** Opening Information block **

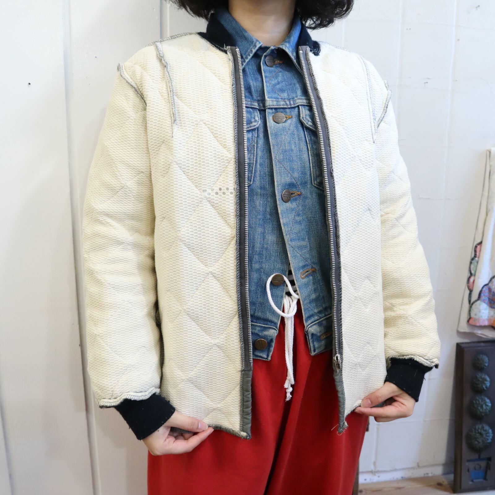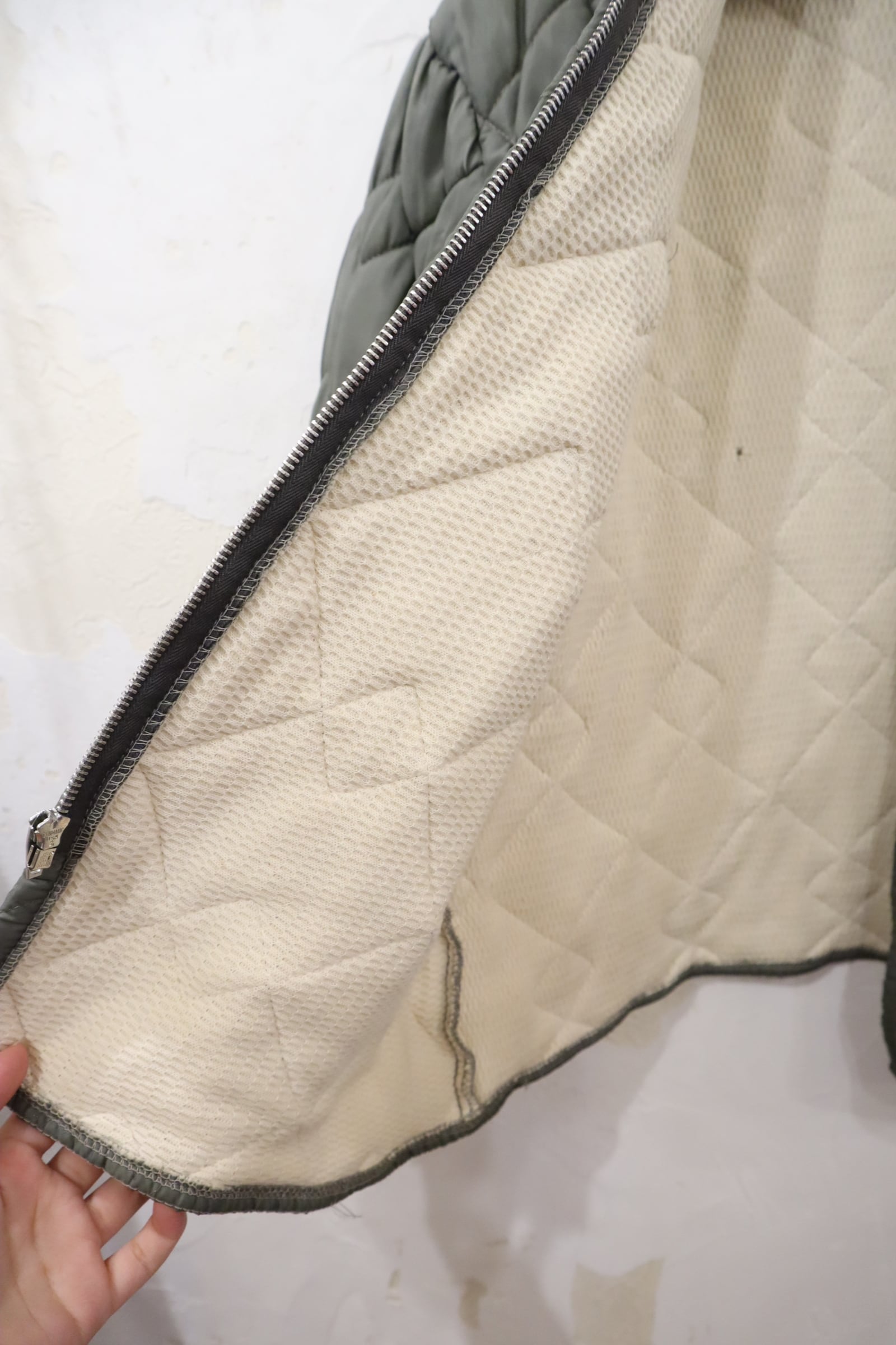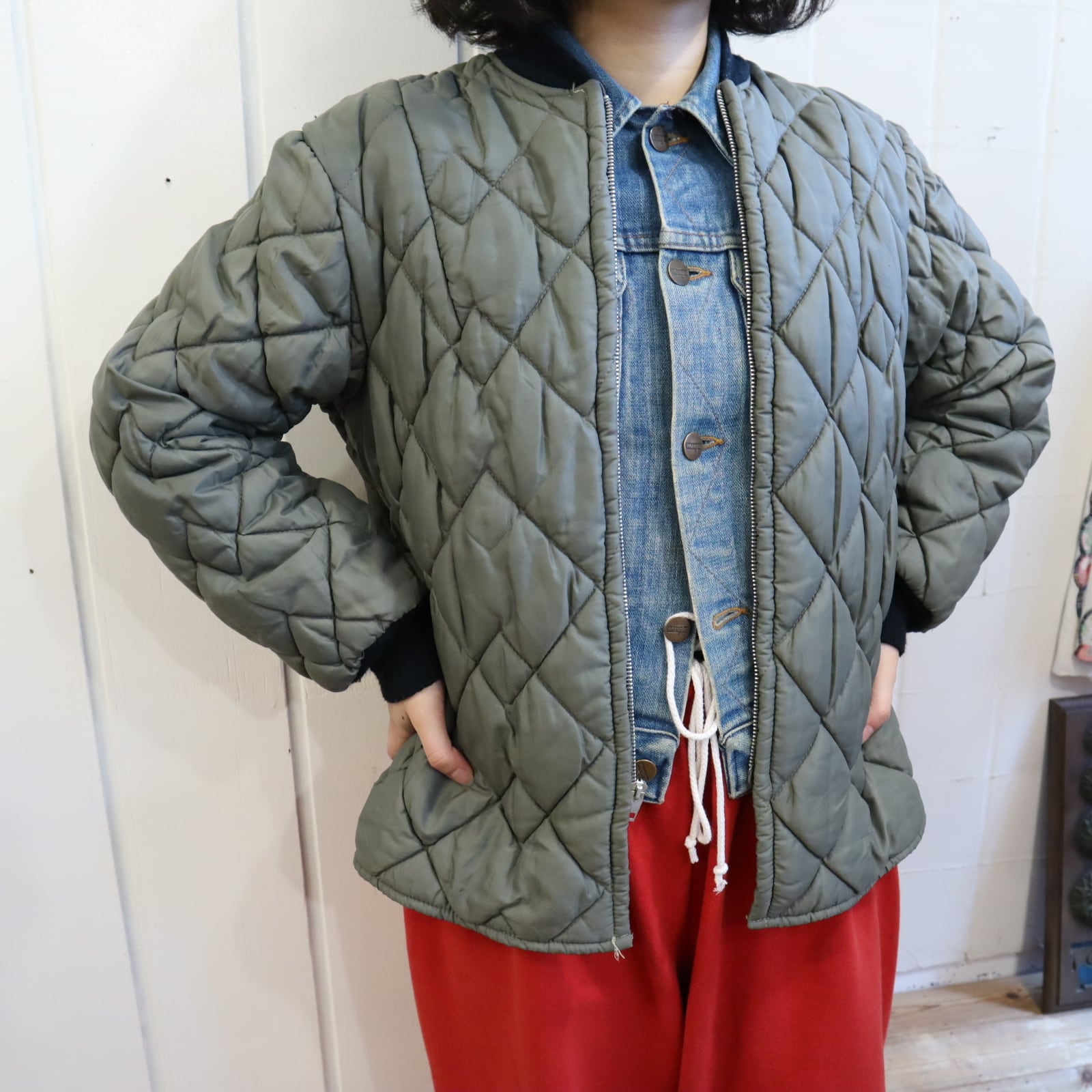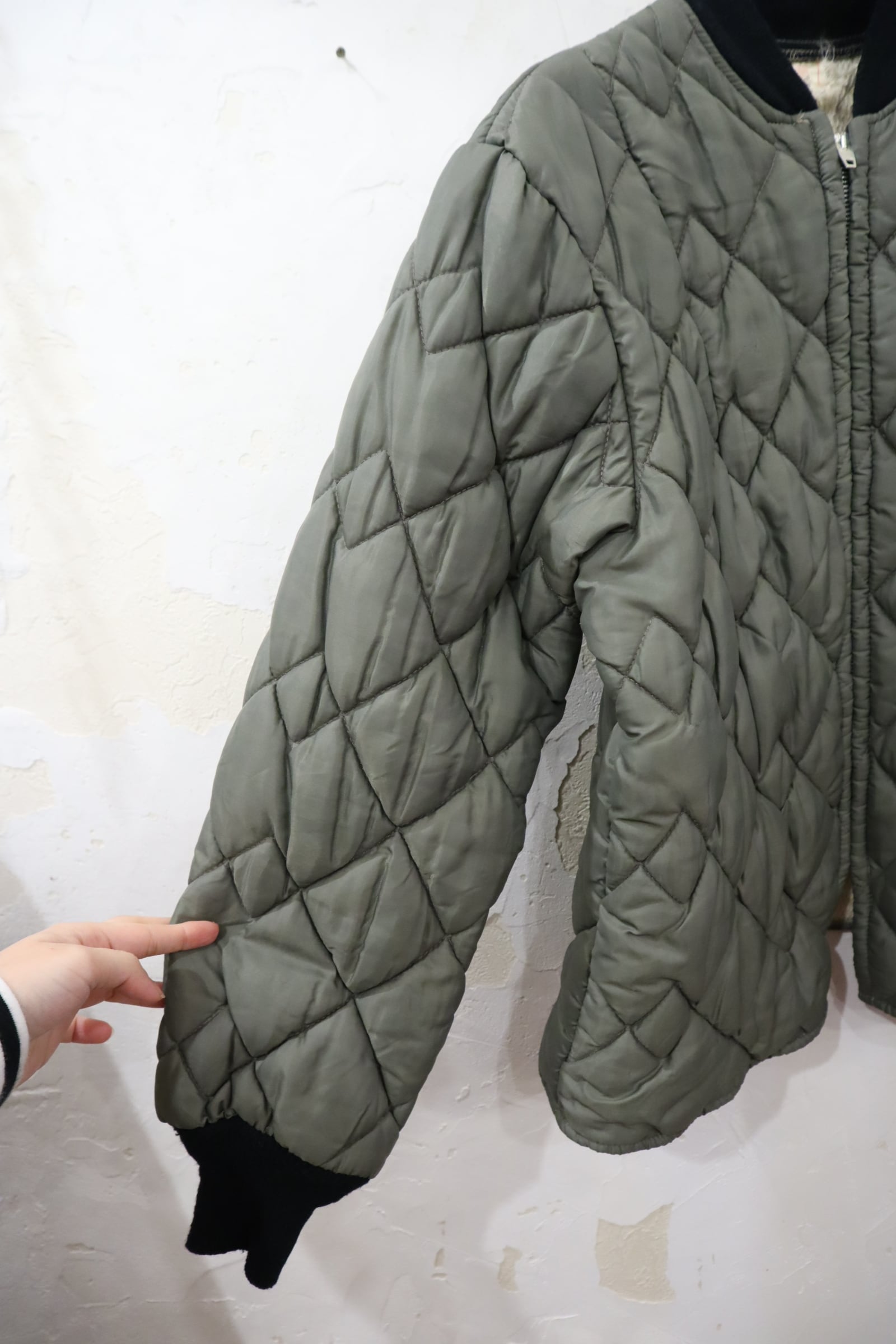 合わせやすいカラーのキルティングジャケットです。
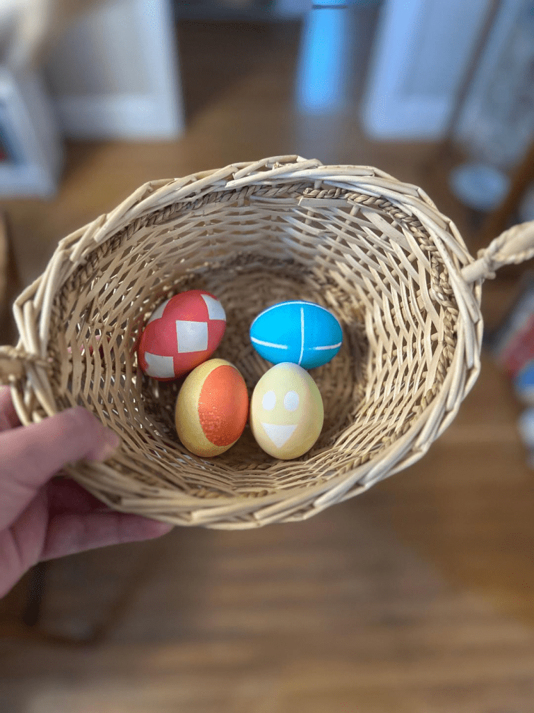 If I’m really ambitious, I’ll create some kind of Christ-centered Easter sensory bin inspired by this video above. Or maybe just make tiny tokens out of sculpey clay that are featured in the DIY Resurrection Eggs here and put them in a bin of colored chickpeas. Or just use the regular tokens that are in those instructions I just linked to. It would be so cool to somehow come up with little tokens that represent the names of Christ, like a light bulb or lamp for “light” but some of those names are too abstract liked “advocate.” Hey maybe my married daughter and I could spend an afternoon making these sensory bins next winter! It would totally be something so fun to look forward to doing in the January doldrums. A girl can always dream right? I could also buy this one on etsy shown below. I’ll only get it out on Easter Sunday to make it extra special.
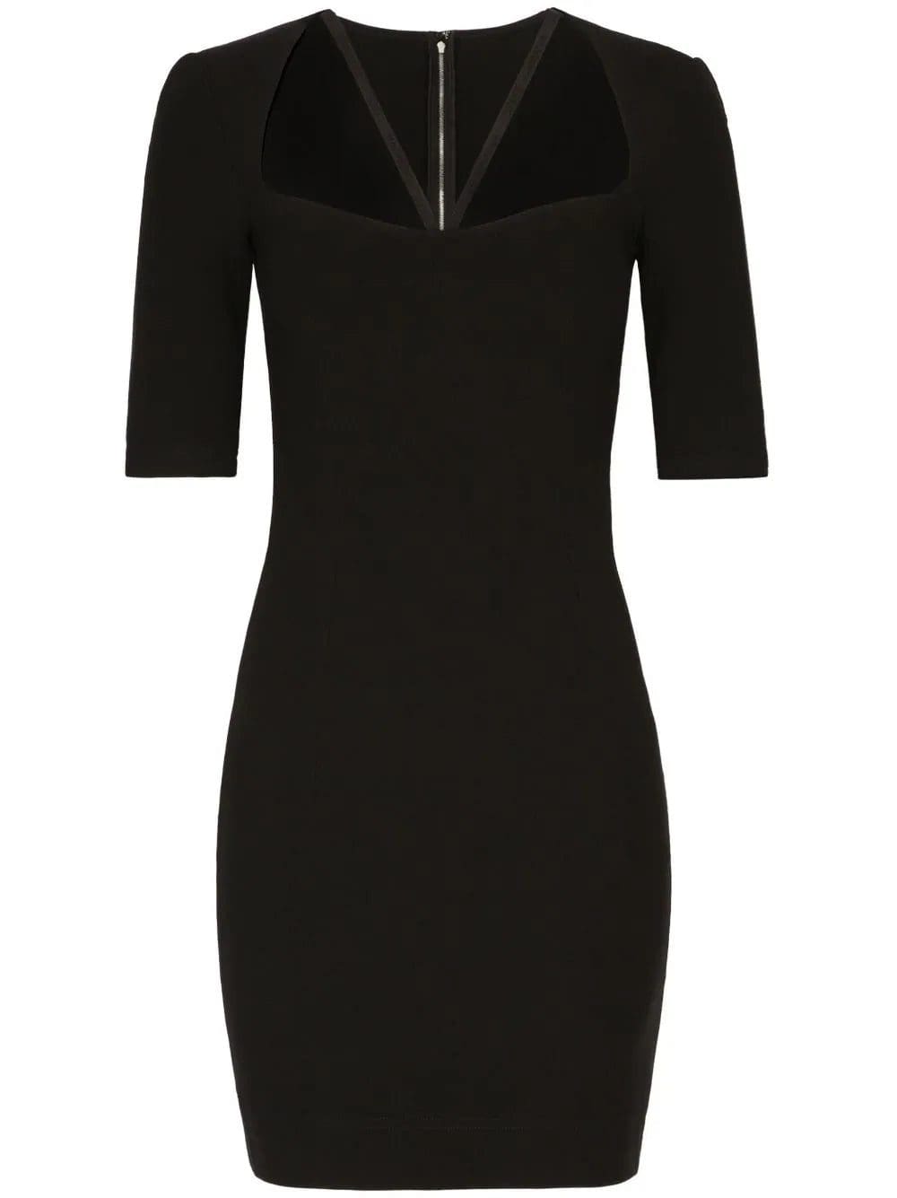Made in Italy from black stretch jersey, this minidress from Dolce & Gabbana reflects the house's penchant for bold silhouettes. Featuring half-length sleeves, the design boasts a square neckline elevated with thin straps.
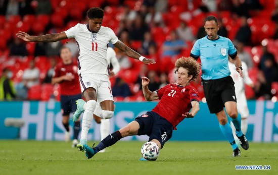England's Marcus Rashford (L) vies with Czech Republic's Alex Kral during the Group D match between England and the Czech Republic at the UEFA EURO 2020 in London, Britain, on June 22, 2021. (Xinhua/Han Yan)
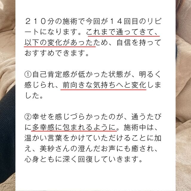 約一年、定期的に通っていただいた方からの口コミです。

** Closing Information block **

[What you are asked to do] Write the listing again exactly, duplicating every line and skipping the pictures.

[Task answer]
 合わせやすいカラーのキルティングジャケットです。
 If I’m really ambitious, I’ll create some kind of Christ-centered Easter sensory bin inspired by this video above. Or maybe just make tiny tokens out of sculpey clay that are featured in the DIY Resurrection Eggs here and put them in a bin of colored chickpeas. Or just use the regular tokens that are in those instructions I just linked to. It would be so cool to somehow come up with little tokens that represent the names of Christ, like a light bulb or lamp for “light” but some of those names are too abstract liked “advocate.” Hey maybe my married daughter and I could spend an afternoon making these sensory bins next winter! It would totally be something so fun to look forward to doing in the January doldrums. A girl can always dream right? I could also buy this one on etsy shown below. I’ll only get it out on Easter Sunday to make it extra special.
Made in Italy from black stretch jersey, this minidress from Dolce & Gabbana reflects the house's penchant for bold silhouettes. Featuring half-length sleeves, the design boasts a square neckline elevated with thin straps.
England's Marcus Rashford (L) vies with Czech Republic's Alex Kral during the Group D match between England and the Czech Republic at the UEFA EURO 2020 in London, Britain, on June 22, 2021. (Xinhua/Han Yan)
 約一年、定期的に通っていただいた方からの口コミです。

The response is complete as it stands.